Trevor-Roper was a polemicist and essayist on a range of historical topics, but particularly England in the 16th and 17th centuries and Nazi Germany. According to John Philipps Kenyon, "some of [Trevor-Roper's] short essays have affected the way we think about the past more than other men's books". Richard Davenport-Hines and Adam Sisman wrote that "The bulk of his publications is formidable ... Some of his essays are of Victorian length. All of them reduce large subjects to their essence. Many of them ... have lastingly transformed their fields." Conversely, Sisman wrote: "the mark of a great historian is that he writes great books, on the subject which he has made his own. By this exacting standard Hugh failed."
In 1945, British intelligence tasked Trevor-Roper with ascertaining the facts about Adolf Hitler's demise. From interviews with a range of witnesses and study of surviving documents, he concluded in The Last Days of Hitler (1947) that Hitler was dead and had not escaped Berlin.
In 1983, Trevor-Roper's reputation was "severely damaged" when he authenticated the Hitler Diaries shortly before they were shown to be forgeries.
Trevor-Roper was born at Glanton, Northumberland, England, the son of Kathleen Elizabeth Davidson (died 1964) and Bertie William Edward Trevor-Roper (1885–1978), a doctor, descended from Henry Roper, 8th Baron Teynham and second husband of Anne, 16th Baroness Dacre. Trevor-Roper "enjoyed (but not too seriously) ... that he was a collateral descendant of William Roper, the son-in-law and biographer of Sir Thomas More ... as a boy he was aware that only a dozen lives (several of them those of elderly bachelors) separated him from inheriting the Teynham peerage."

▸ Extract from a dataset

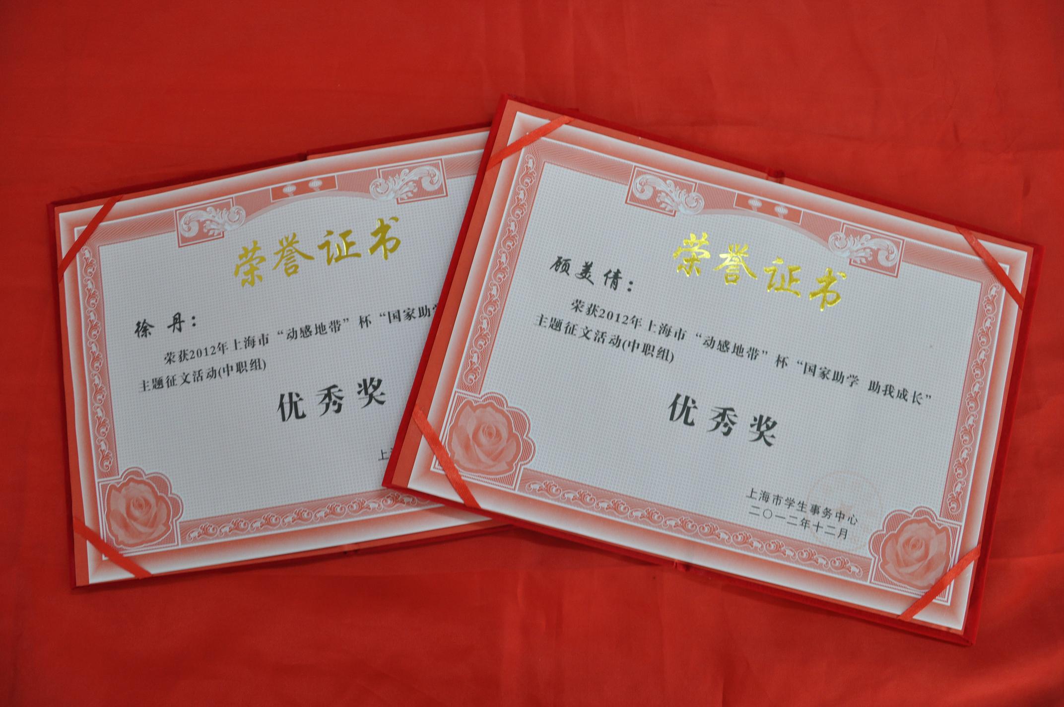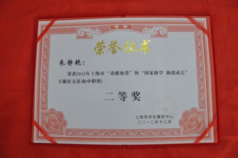 近日,上海市学生事务中心下发“国家资助 助我成长”主题征文活动奖状,由语文老师杨文娟、雷珍指导征文分别荣获二等奖、优秀奖,并被编入上海学生事务中心组织《2012年上海市“动感地带杯”“国家资助 助我成长”主题征文活动》一书。

Trevor-Roper's brother, Patrick, became a leading eye surgeon and gay rights activist. Trevor-Roper was educated at Belhaven Hill School, Charterhouse, and Christ Church, Oxford, where he read first Classics (Literae Humaniores) and then Modern History. He got a first-class degree in Classical Moderations in 1934 and won the Craven, the Ireland, and the Hertford scholarships in Classics. Initially, both he and his brother intended to make their careers in the Classics, but Hugh became bored with what he regarded as the pedantic technical aspects of the classics course at Oxford and switched to history, where he obtained first-class honours in 1936. Whilst at Oxford, he was a member of the exclusive Stubbs Society and was initiated as a Freemason in the Apollo University Lodge.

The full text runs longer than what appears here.